◆ **WORK REQUIRED**
Could you return each entry below exactly as written, minus any pictures?

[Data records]

* * * *

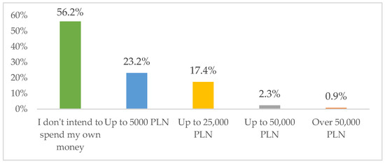 The increase in society’s ecological awareness is associated with increased knowledge of renewable energy sources, the possibilities of obtaining them, and ways to reduce their consumption. The higher the level of ecological awareness, the more knowledge people have in this area, and the more willingly they use unconventional energy sources. Additionally, it should be pointed out that the motivating factor in the context of reducing energy consumption or using renewable energy sources is financial considerations; hence, the respondents were asked how much they were willing to spend on renewable energy sources (Figure 12). More than half of the respondents, as many as 56%, did not intend to pay their funds; 23% declared that they could spend up to PLN 5000; and 17% were willing to spend up to PLN 25,000. Only 2% indicated an amount of up to PLN 50,000. Only 1% of the surveyed households were willing to spend on an investment exceeding PLN 50,000. The high percentage of reluctant investors was related to many households’ financial constraints and the belief that the state should finance the energy transformation. The dominance of smaller investments (up to PLN 5000) resulted from the desire to take the “first step” towards renewable energy, which is most often associated with smaller installations or individual devices. A small percentage of more significant investments was related to the limited group of wealthier households interested in comprehensive renewable energy solutions.
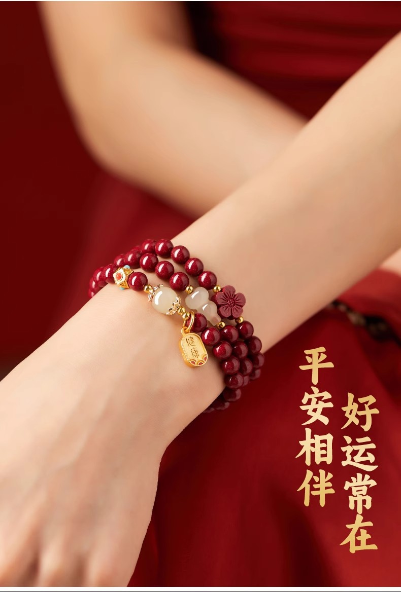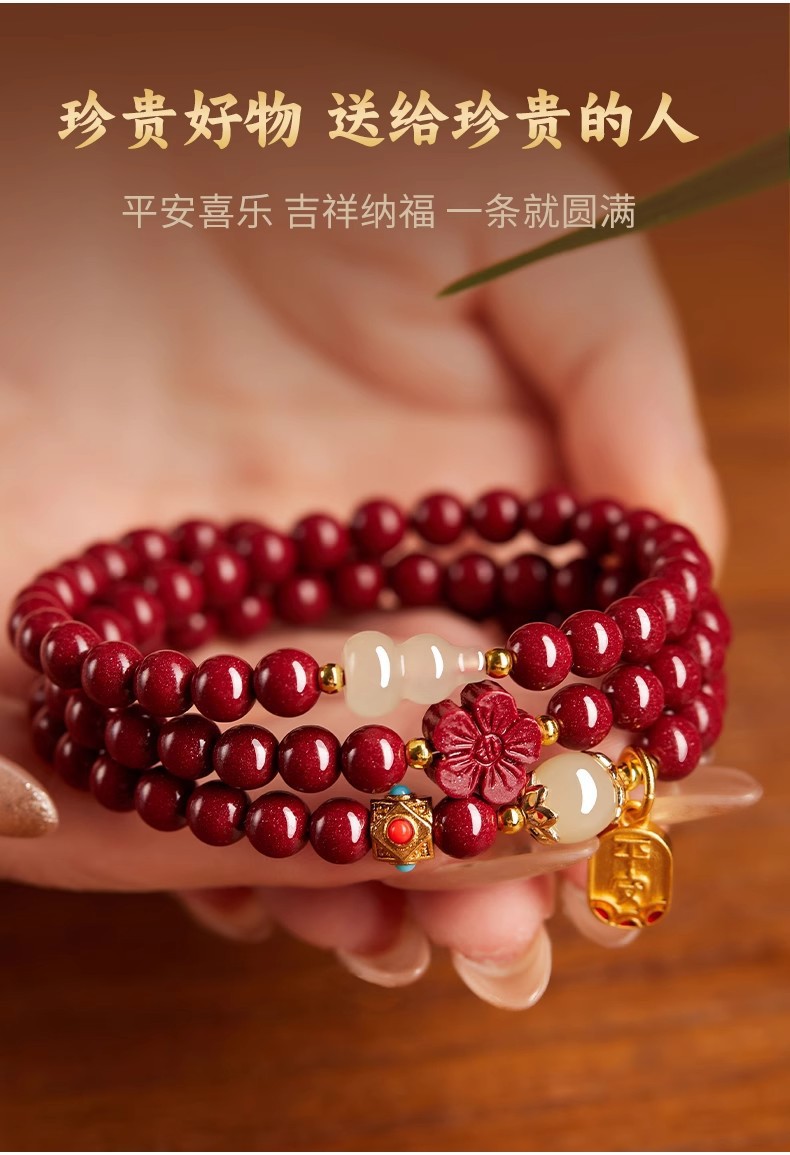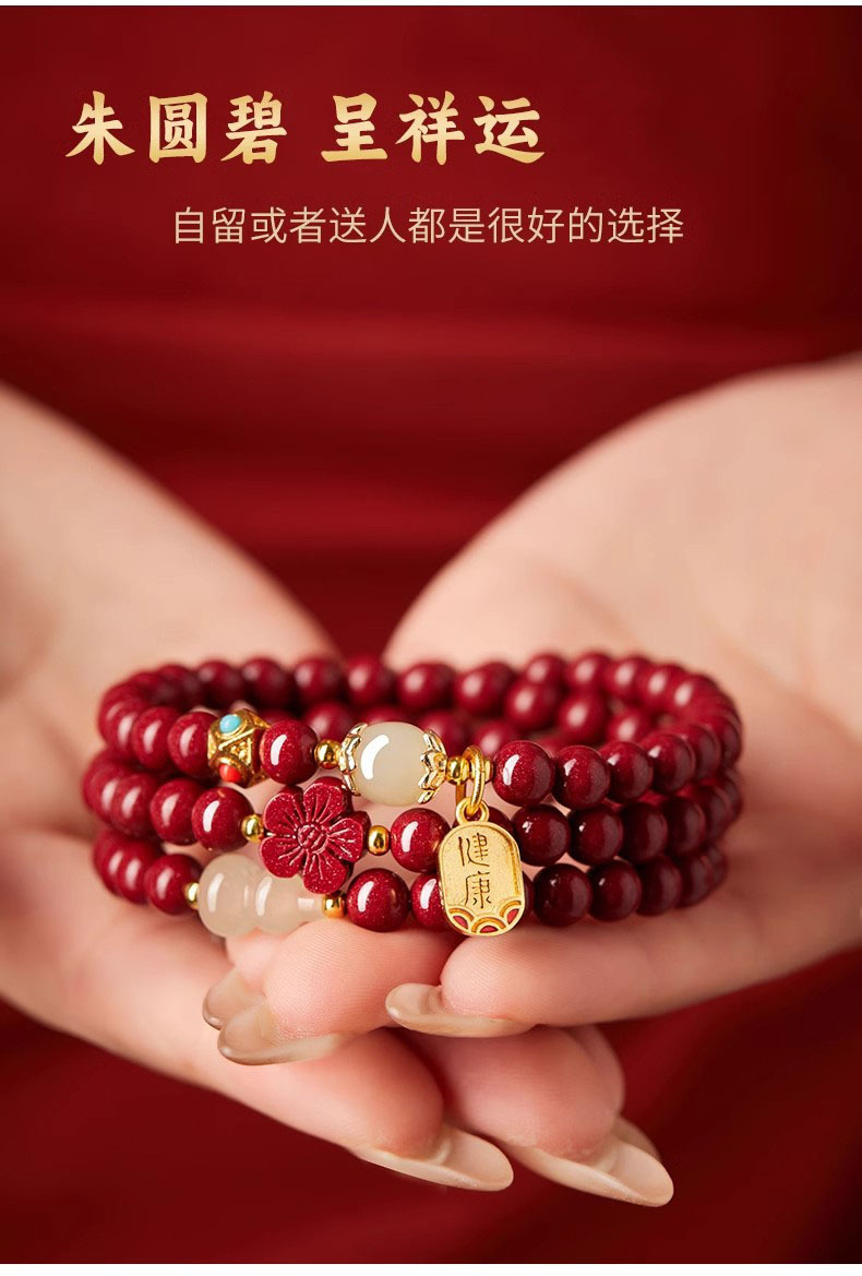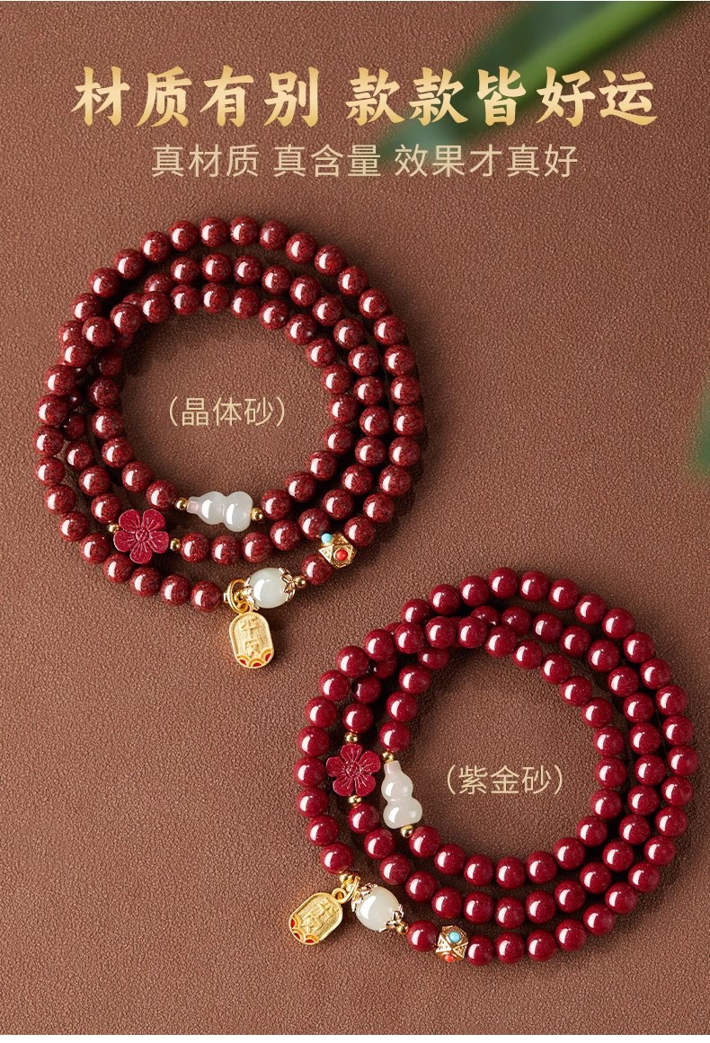 保真硃砂手串女三圈彿珠福祿手鏈晶體砂多圈護身福紫金砂多圈禮物
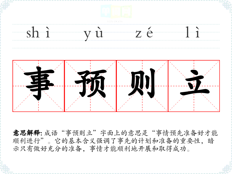 成语“事预则立”字面上的意思是“事情预先准备好才能顺利进行”。它的基本含义强调了事先的计划和准备的重要性,暗示只有做好充分的准备,事情才能顺利地开展和取得成功。
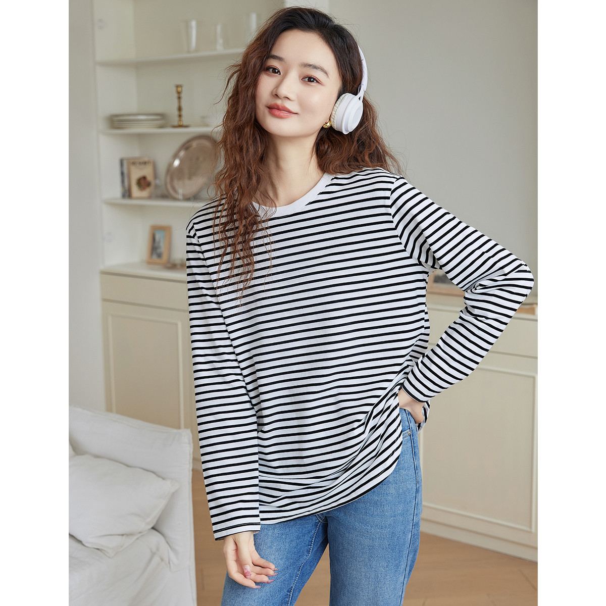 米子旗春秋款圆领条纹T恤女宽松休闲开叉侧边长袖上衣 688602
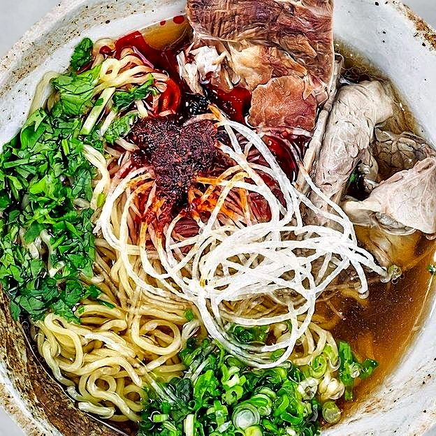 A hearty beef broth wit a shoyu base. Toppings: Daikon radish, scallions cilantro, braised beef brisket, a large beef back rib ( so tender its literally falls right off the bone). A house mild spicy paste & a lime
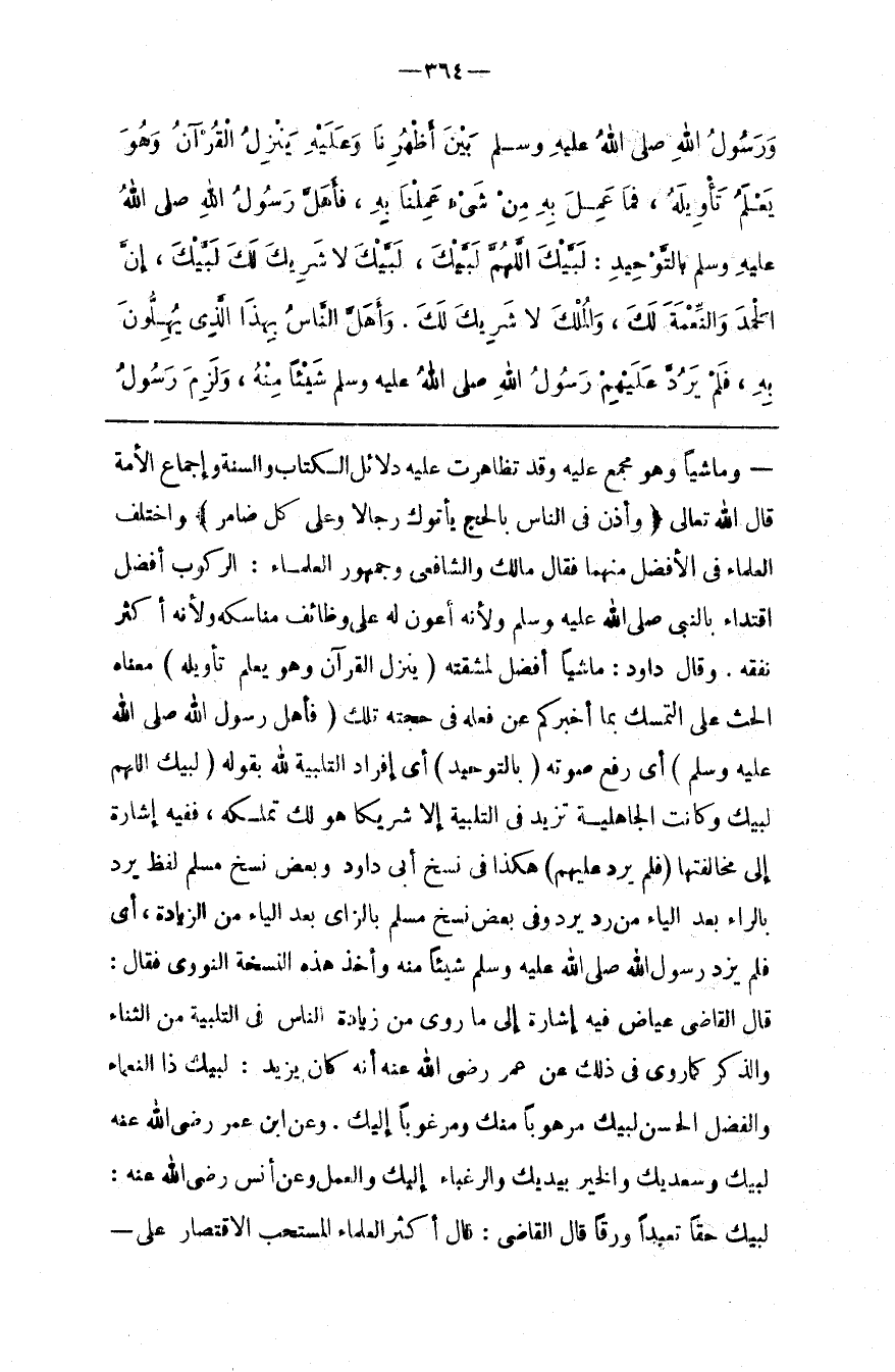 وَمَاشِيًا وَهُوَ مُجْمَع عَلَيْهِ وَقَدْ تَظَاهَرَتْ عَلَيْهِ دَلَائِل الْكِتَاب وَالسُّنَّة وَإِجْمَاع الْأُمَّة قَالَ اللَّه تَعَالَى : { وَأَذِّنْ فِي النَّاس بِالْحَجِّ يَأْتُوك رِجَالًا وَعَلَى كُلّ ضَامِرٍ } وَاخْتَلَفَ الْعُلَمَاء فِي الْأَفْضَل مِنْهُمَا فَقَالَ مَالِك وَالشَّافِعِيّ وَجُمْهُور الْعُلَمَاء : الرُّكُوب أَفْضَل اِقْتِدَاء بِالنَّبِيِّ صَلَّى اللَّه عَلَيْهِ وَسَلَّمَ وَلِأَنَّهُ أَعْوَن لَهُ عَلَى وَظَائِف مَنَاسِكه وَلِأَنَّهُ أَكْثَر نَفَقَة . وَقَالَ دَاوُدُ : مَاشِيًا أَفْضَل لِمَشَقَّتِهِ

* * * *

◆ **PROBLEM SOLUTION**
 The increase in society’s ecological awareness is associated with increased knowledge of renewable energy sources, the possibilities of obtaining them, and ways to reduce their consumption. The higher the level of ecological awareness, the more knowledge people have in this area, and the more willingly they use unconventional energy sources. Additionally, it should be pointed out that the motivating factor in the context of reducing energy consumption or using renewable energy sources is financial considerations; hence, the respondents were asked how much they were willing to spend on renewable energy sources (Figure 12). More than half of the respondents, as many as 56%, did not intend to pay their funds; 23% declared that they could spend up to PLN 5000; and 17% were willing to spend up to PLN 25,000. Only 2% indicated an amount of up to PLN 50,000. Only 1% of the surveyed households were willing to spend on an investment exceeding PLN 50,000. The high percentage of reluctant investors was related to many households’ financial constraints and the belief that the state should finance the energy transformation. The dominance of smaller investments (up to PLN 5000) resulted from the desire to take the “first step” towards renewable energy, which is most often associated with smaller installations or individual devices. A small percentage of more significant investments was related to the limited group of wealthier households interested in comprehensive renewable energy solutions.
 保真硃砂手串女三圈彿珠福祿手鏈晶體砂多圈護身福紫金砂多圈禮物
 成语“事预则立”字面上的意思是“事情预先准备好才能顺利进行”。它的基本含义强调了事先的计划和准备的重要性,暗示只有做好充分的准备,事情才能顺利地开展和取得成功。
 米子旗春秋款圆领条纹T恤女宽松休闲开叉侧边长袖上衣 688602
 A hearty beef broth wit a shoyu base. Toppings: Daikon radish, scallions cilantro, braised beef brisket, a large beef back rib ( so tender its literally falls right off the bone). A house mild spicy paste & a lime
 وَمَاشِيًا وَهُوَ مُجْمَع عَلَيْهِ وَقَدْ تَظَاهَرَتْ عَلَيْهِ دَلَائِل الْكِتَاب وَالسُّنَّة وَإِجْمَاع الْأُمَّة قَالَ اللَّه تَعَالَى : { وَأَذِّنْ فِي النَّاس بِالْحَجِّ يَأْتُوك رِجَالًا وَعَلَى كُلّ ضَامِرٍ } وَاخْتَلَفَ الْعُلَمَاء فِي الْأَفْضَل مِنْهُمَا فَقَالَ مَالِك وَالشَّافِعِيّ وَجُمْهُور الْعُلَمَاء : الرُّكُوب أَفْضَل اِقْتِدَاء بِالنَّبِيِّ صَلَّى اللَّه عَلَيْهِ وَسَلَّمَ وَلِأَنَّهُ أَعْوَن لَهُ عَلَى وَظَائِف مَنَاسِكه وَلِأَنَّهُ أَكْثَر نَفَقَة . وَقَالَ دَاوُدُ : مَاشِيًا أَفْضَل لِمَشَقَّتِهِ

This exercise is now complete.